The UCSF Archives and Special Collections is pleased to announce that we have received a Data Engagement Award for $24,934 from the National Network of Libraries of Medicine (NNLM) Region 5. These funds will support a new project, Data Journalism Course in a Box: The COVID Tracking Project Archives. We are grateful to the NNLM Region 5 Executive Director, Cathy Burroughs, for enabling our work to make the Covid Tracking Project Archive accessible with the support of the Sloan Foundation.
The Data Journalism Course in a Box (DJCB) is a project that aims to support journalism education by providing a rich body of data and critical analysis for educators to utilize in their instruction. The public relies on the media to learn about public health emergencies, such as the COVID-19 pandemic. This pandemic has shown how public health news can evolve quickly and the importance of conveying complex information to a broad audience effectively and accurately. Therefore, future journalists must be well-trained to analyze and communicate public health data.The data used to create the DJCB will be acquired from the COVID Tracking Project (CTP), a citizen-run and all-volunteer organization that tracked the first year of the COVID-19 pandemic. The CTP concluded collecting data on March 7, 2021, and the UCSF Archives and Special Collections preserves the website. Data and datasets from this project are some of the cleanest and best documented on the pandemic.

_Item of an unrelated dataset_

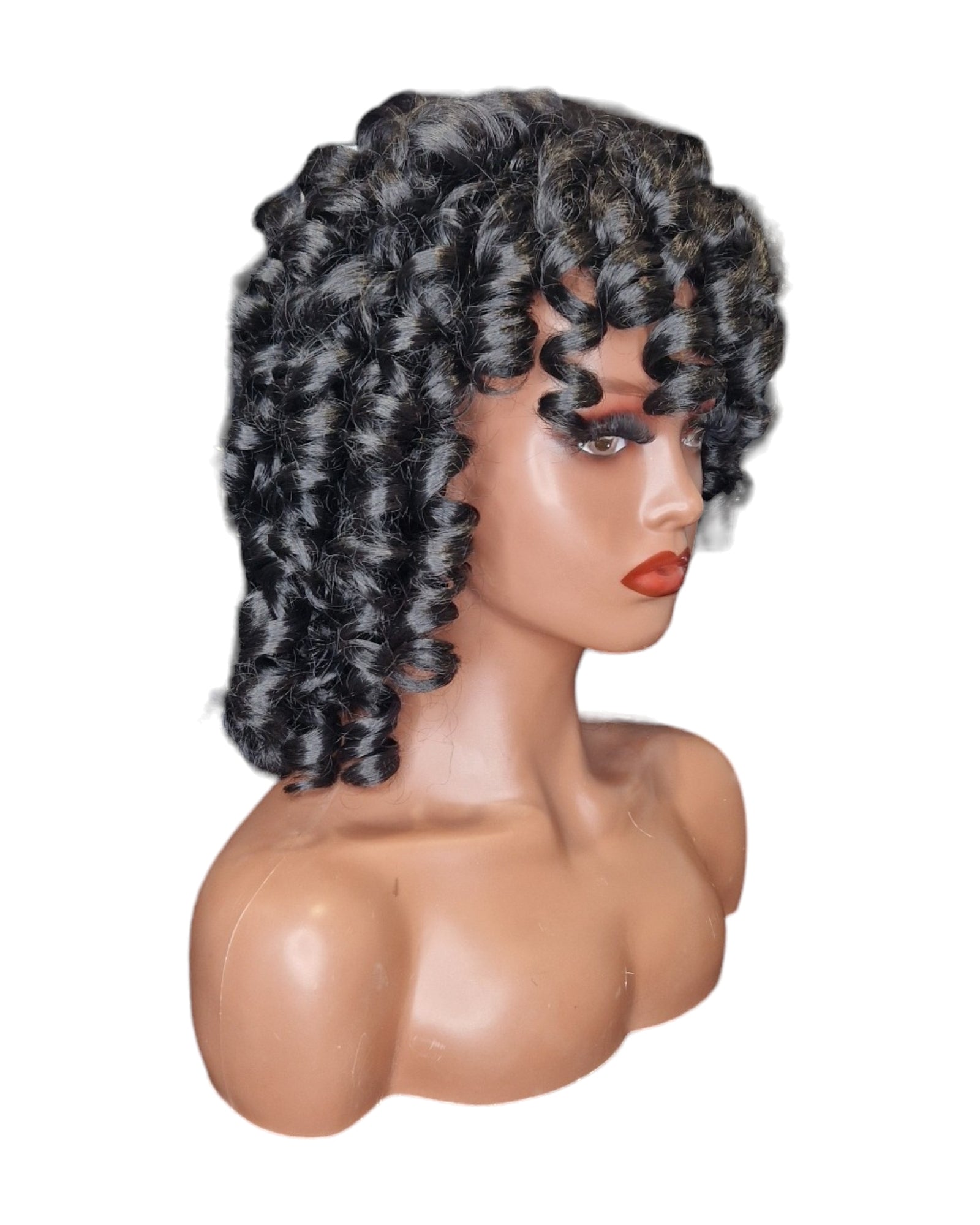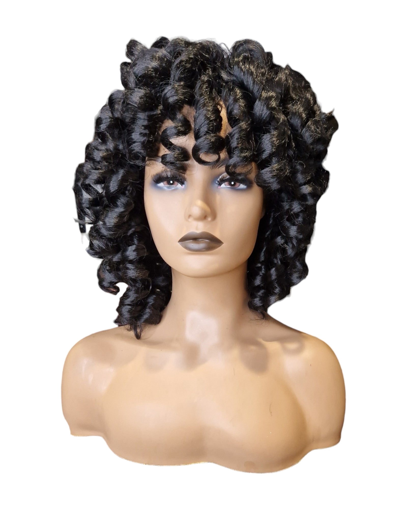Black Corkscrew Curls Coil Shareen Bob Wig.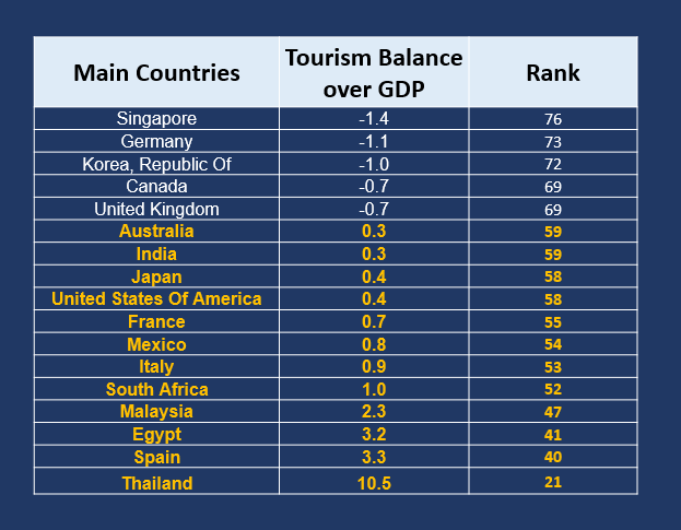 最亮眼的是泰国,国际旅游已对该国GDP贡献达10.5%。

Datasets within the CTP have already had a notable impact; one such example is the COVID Racial Data Tracker. The COVID Racial Data Tracker is the first large-scale collection to track the effects of the pandemic on communities of color. The raw datasets from this collection and data analysis done by journalists has shown how good data journalism can bring awareness to the pandemic’s impact on underrepresented populations. Furthermore, Congress cited the tracker as a critical source for understanding the effects of the pandemic on different racial groups.
Creating the curriculum
We are thrilled to create the course by partnering with investigative reporter and adjunct lecturer, Tyler Dukes. Dukes is a reporter for The News & Observer in Raleigh, North Carolina, where he specializes in data and public records. His experience developing and teaching data journalism courses and his familiarity with the CTP are an asset to the project. “As a local reporter who made frequent use of COVID Tracking Project data, I saw firsthand how CTP volunteers filled critical information gaps that helped newsrooms reveal the pandemic’s often disproportionate and hidden impacts. The lessons learned during this massive effort – all meticulously documented and preserved in the CTP Archive – will empower future journalists to confront the complexities of public health data and use it to enhance their reporting.” Through this collaboration, the DJCB will be a robust curriculum that combines collected oral histories from former CTP staff and archival CTP resources. Once completed, the curriculum will be available online for free under a permissive open-source license in the Summer of 2023.
Outcomes
Through this curriculum, journalism students and public health communicators will learn proper data collection methodologies, communication and transparency in community-science initiatives. We look forward to utilizing the essential data captured in the CTP to establish an accessible course that promotes promising data journalism practices. Updates on the DJCB project will be available on the UCSF Archives and Special Collections blog, Brought to Light and the CTP Archive website.